Глава IV
Второе рождение
Подозрительность мало-помалу завоевывала верхние этажи государственной власти, и 1935 год начался серией арестов и судебных процессов, связанных с тем, что 1 декабря 1934-го был убит Сергей Миронович Киров, глава ленинградских коммунистов, чья популярность в народе стала угрожать лидерству Сталина. Этот последний исподволь вытеснил из руководства страной всех конкурентов. Сначала он был членом «тройки», в которую входили, кроме Сталина, еще Каменев и Зиновьев, затем устранил обоих соперников, отдал их под суд и приказал казнить за принадлежность к «Террористическому троцкистско-зиновьевскому центру». Отныне в его руках сосредоточивается вся власть: Сталин — председатель Совета Народных Комиссаров, он командует армией, руководит тайной полицией, которая снова сменила имя и стала теперь НКВД. НКВД же, спеша доказать свою необходимость, увеличил число обысков, «усиленных» допросов и противозаконных арестов. Любая бумажка подвергалась анализу, любое письмо перлюстрировалось, интеллигенция взвешивала каждое слово, прежде чем написать его на бумаге: неловкое определение или запятая не на том месте могли отправить автора за решетку.
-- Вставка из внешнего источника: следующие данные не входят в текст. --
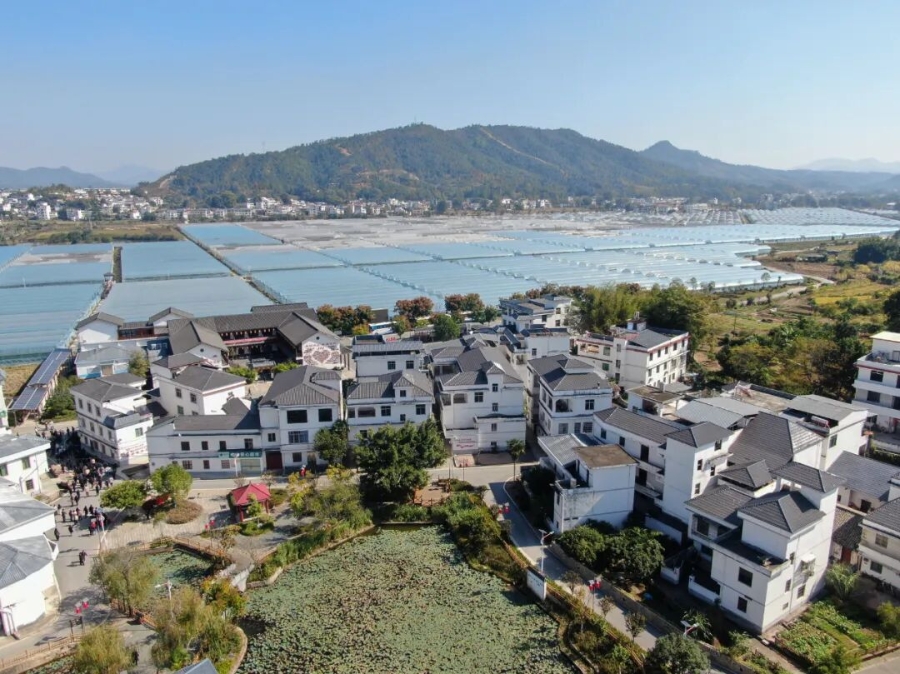 2025年11月21日,“人权行动看中国·2025”江西行活动参访团来到江西赣州。图为航拍潭头村秀美风光,不远处便是富硒蔬菜大棚。 中新社记者 刘力鑫 摄
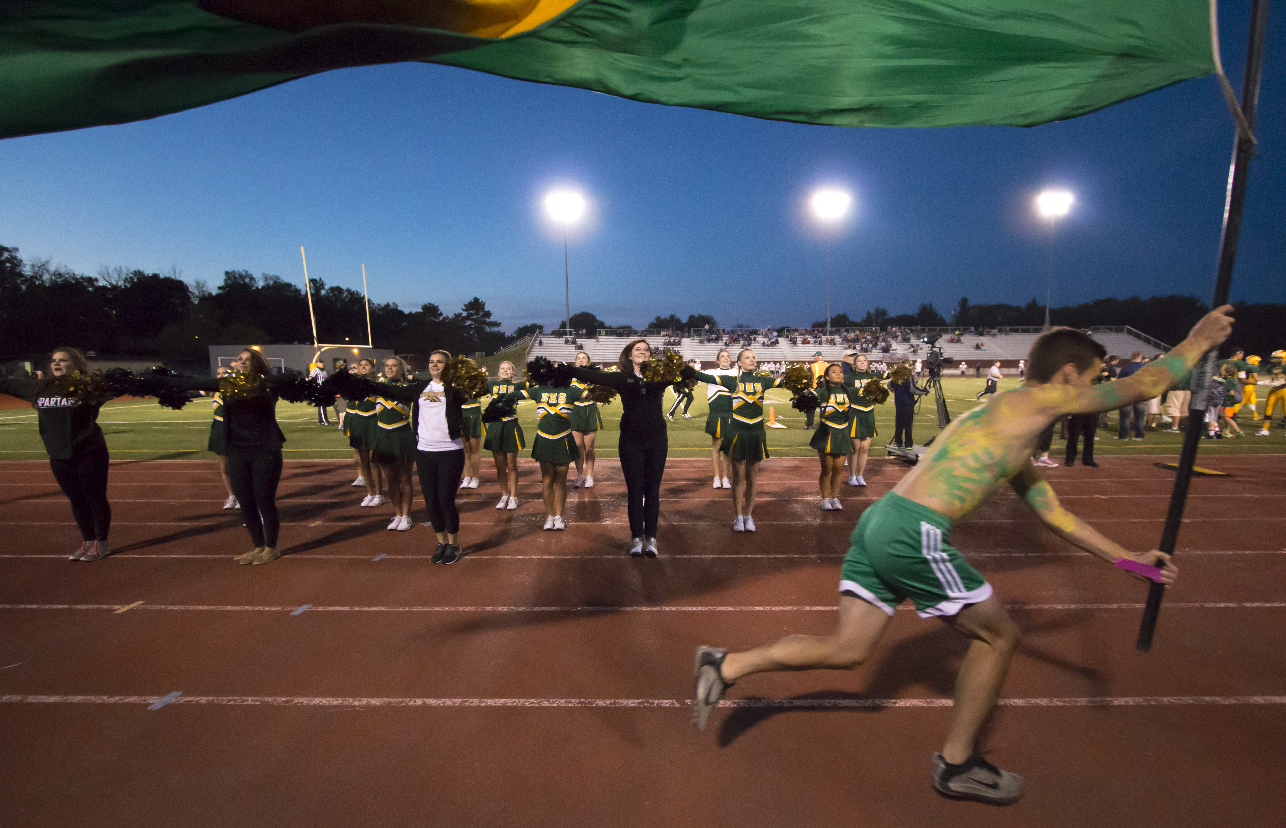Midland, Michigan native Lauren Rabine, center, performs the charger fight song with the current H. H. Dow Varsity pom pon team and other alumni during the homecoming game on Sept. 25, 2015. Rabine, who has been pomming consecutively for eight years and graduated from H. H. Dow in 2011, returned to her alma mater this year to be the assistant coach of the varsity team after stepping down from pomming professionally.
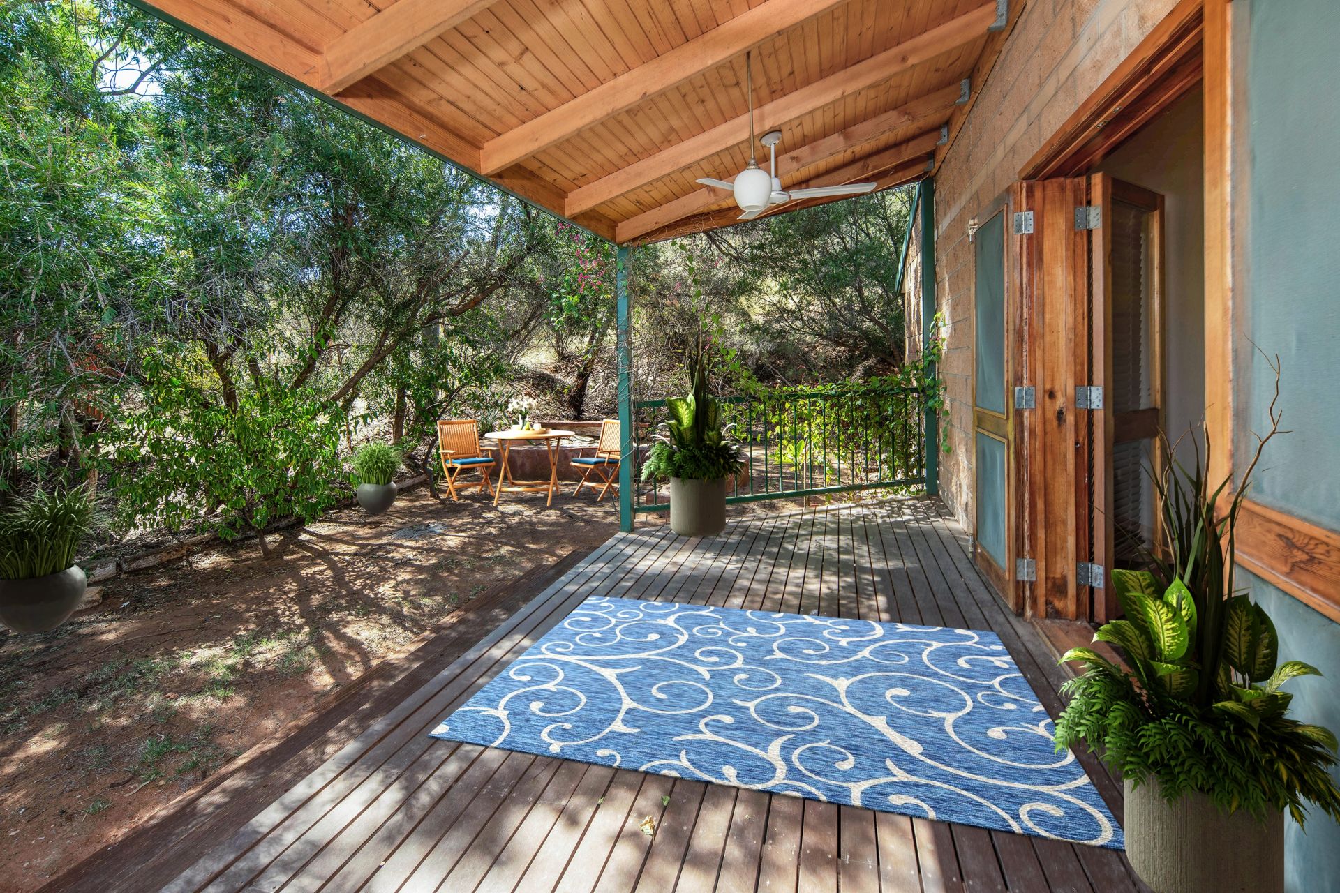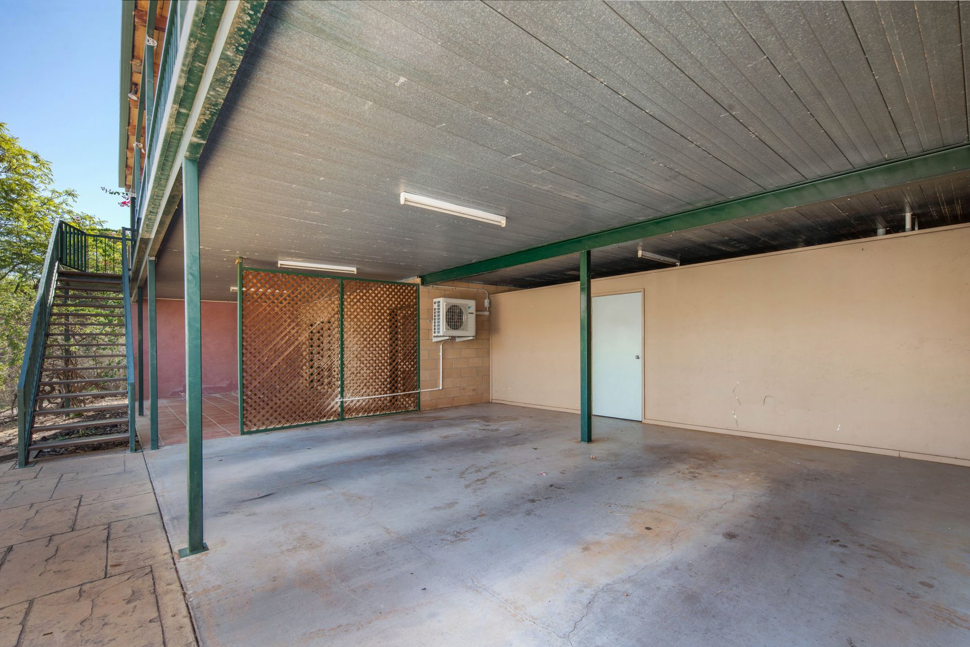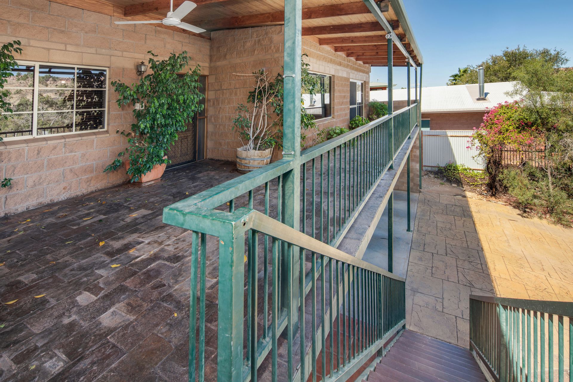 Upstairs, a full-length balcony stretches across the home, framing some of the most spectacular views of the MacDonnell Ranges. Step inside to an open-plan living area highlighted by slate flooring and raked ceilings, creating a sense of space and character. The expansive living zone is complemented by a combustion heater and elegant French doors that open onto a generous rear deck-perfect for entertaining or simply soaking up the peaceful surrounds.
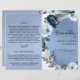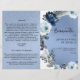 Elegante programa de quinceañera con hermoso arreglo blommigt en acuearela en varios tonos de azúl y detalles en imitación de alumo azul. Uso de elegante caligrafía. Nuestro texto es solo un ejemplo, ya que puedes agregar cualquier información o mensaje que prefieras. Puedes hacer ajust es de tamaño de texto, färg y estilo seleccionando "seguir personalizando". NOTA: Este programa es enviado plano y RequiERE QUE LO DOBLE MANUALMENTE en casa. Se recomienda el tipo de papel seleccionado por disñador. Bjud in que coordina-disponibel. Este mismo programa esta disponible también en Inglés. Parte de nuestra colección "Elegant Blue Watercolor Blommigt Quinceañera", con variedad de productos para koordinar DISonibles.
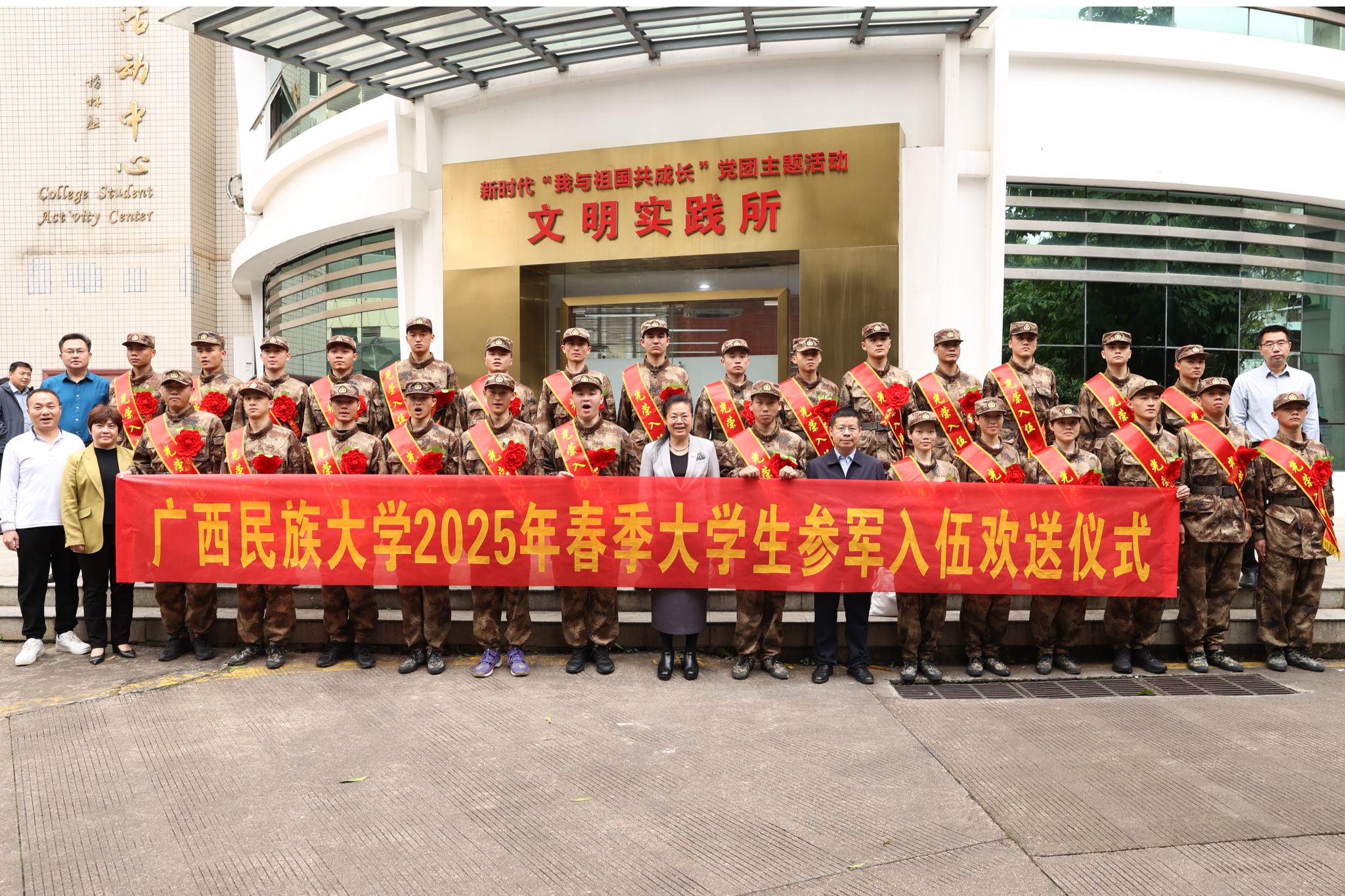 【大学生通讯社报道】3月12日下午,今年会jinnian官网在相思湖校区大学生活动中心举行2025年春季大学生参军入伍欢送仪式,校长韦仕珍出席欢送仪式并讲话,党委副书记邓国彬主持。2025年春季我校共有28名学生参军入伍。

Сталин полагал первым долгом писателя расхваливать на весь мир достоинства родной страны. Он даже публично, на встрече с литераторами в доме Максима Горького (октябрь 1932 года), обращаясь к представителям этой профессии, заявил, что авторы-коммунисты являются «инженерами человеческих душ»[74] и что «поэт — творец душ, а создание душ важнее производства танков»[75].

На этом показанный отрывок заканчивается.